In his somewhat misleadingly titled post, my friend Steve breathlessly reports that a small survey of 299 college professors shows them to mostly vote Democratic. Whaaaa…? College professors mostly “D”s? Stop the presses(!?)
While I suppose it’s mildly interesting those surveyed happen to be professors of Economics, they are hardly representative of the 15,000 economists in the United States, or the millions who have formally studied how goods and services are created and allocated. It’s also not well aligned with my post (which he claims to be refuting) where I address ideology and worldview (constrained vs unconstrained), not political party. There are many members of both “Sowellian” worldviews in any single party. Even a staunch capitalist/individualist like me can make the case that I have checked the “D” box more often on ballots than I have the “R” box.

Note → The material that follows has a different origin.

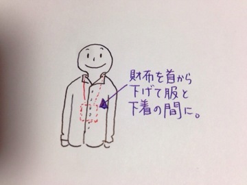 私はいつも海外旅行ではお金、クレジットカードパスポートなどは首からぶら下げた財布に入れ、服と下着の間にぶら下げるようにしている。

If you step outside the ivory towers of academia and strive for a representative, broad sampling of those trained in Economics, a different story emerges. When you go for real statistical significance — of say 2,000 samples — and include controls for a number of personal background variables the data is much clearer and aligned with what common sense would tell an econ major. I’ll let the New York Fed report speak for itself:
…those who took more economics classes or who majored in economics or business were more likely to be members of the Republican party and less likely to join the Democratic party. Those findings hold even after controlling for the higher salary, higher equity in real estate holdings, and earning a graduate degree.
For example, taking five economics courses is associated with an eight percent decrease in the likelihood of joining the Democratic party and more than a 10 percent higher chance of joining the Republican party. These marginal effects are large relative to the unconditional means reported in Table 1. For example, approximately 40 percent of respondents report being members of the Republican party, so a 10 percentage point increase for 5 economics courses represents a 25 percent increase…
Following previous research on the relationship between studying economics and attitudes on public policy issues (Allgood and Walstad 1999; Becker, Walstad, and Watts 1994), we drew several items on public policy issues from a survey of 464 American Ph.D. economists Alston et al. (1992). Becker, Walstad, and Watts (1994) sent a survey of 28 items to national samples of economic educators, secondary economics teachers, secondary [social studies] teachers not specializing in economics, and journalists, and found that the responses of economic educators and economics teachers were closer to responses of economists in the Alston et.al.
“Courses” refer to formal economics educational attainment. I assume those who have pursued a “self-taught” route toward economics selective/partial-literacy would only find their pre-existing world-views pleasantly reinforced.
As I’ve always said, I admit I have a slanted worldview, but it’s one based on formal education. You don’t spend years studying a discipline based on scarcity and find yourself believing that you can magically legislate away competition for housing or medical care.
On a related note, I encourage all to read this article which summarizes the happenings at a 2007 American Economics Association (AEA) convention. The ideological bent amongst the professional economists was palpable there, and aligns with what I would have anticipated. Not Democrat, not Republican, just Constrained.